For more, see William Lyford on Richard Baxter’s pepper corn.

Reactions: Like 2


----------



## Andrew35 (Jan 2, 2021)

I was curious and googled "peppercorns" to get a sense of how this would have been understood.

Things suddenly got quite interesting: apparently paying a single peppercorn for something has a bit of history?

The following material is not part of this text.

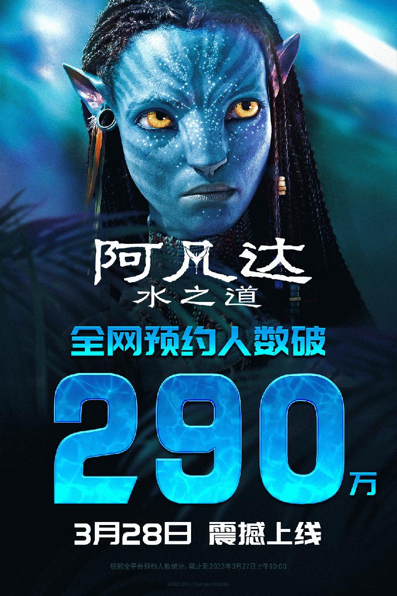 《阿凡达2:水之道》将于3月28日下午4点全球同步上线视频平台。国内包括腾讯、爱奇艺、优酷等都上线了预约界面。目前,《阿凡达2》全网预约量已经突破了290万。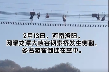 ·洛陽一景區(qū)鋼索橋側(cè)翻多名游客倒掛空中。景區(qū):可能游客自己晃動導(dǎo)致,已全部救下。

> In legal parlance, a *peppercorn* is a metaphor for a very small cash payment or other nominal consideration, used to satisfy the requirements for the creation of a legal contract. It is featured in _Chappell & Co Ltd v Nestle Co Ltd_ ([1960] AC 87), which stated that "a peppercorn does not cease to be good consideration if it is established that the promisee does not like pepper and will throw away the corn".[1][2]
> 
> 
> 
> ...



Fascinating stuff. Anyone else know much about this, and does the practice go all the way back to Baxter?


----------



## deleteduser99 (Jan 2, 2021)

Andrew35 said:


> I was curious and googled "peppercorns" to get a sense of how this would have been understood.
> 
> Things suddenly got quite interesting: apparently paying a single peppercorn for something has a bit of history?
> 
> ...



I love Baxter, but the error is older than him. This is basically a greatly-decreased standard of obedience in lieu of having to satisfy the full debt; that is, God in the New Covenant really lowers the standard of obedience, and instead of the full fulfillment of the law He accepts faith, repentance (charity and new obedience as well?) as new conditions, fulfilling the standard. So it’s not really grace alone and faith alone.

That is why he is called a neonomian, “new law.”

Reactions: Informative 1


----------



## Shanny01 (Jan 2, 2021)

I believe either Henry Hammond or Herbert Thorndike, who held the same position as Baxter on this point, referred to the requirement as 'the lowered market'.


----------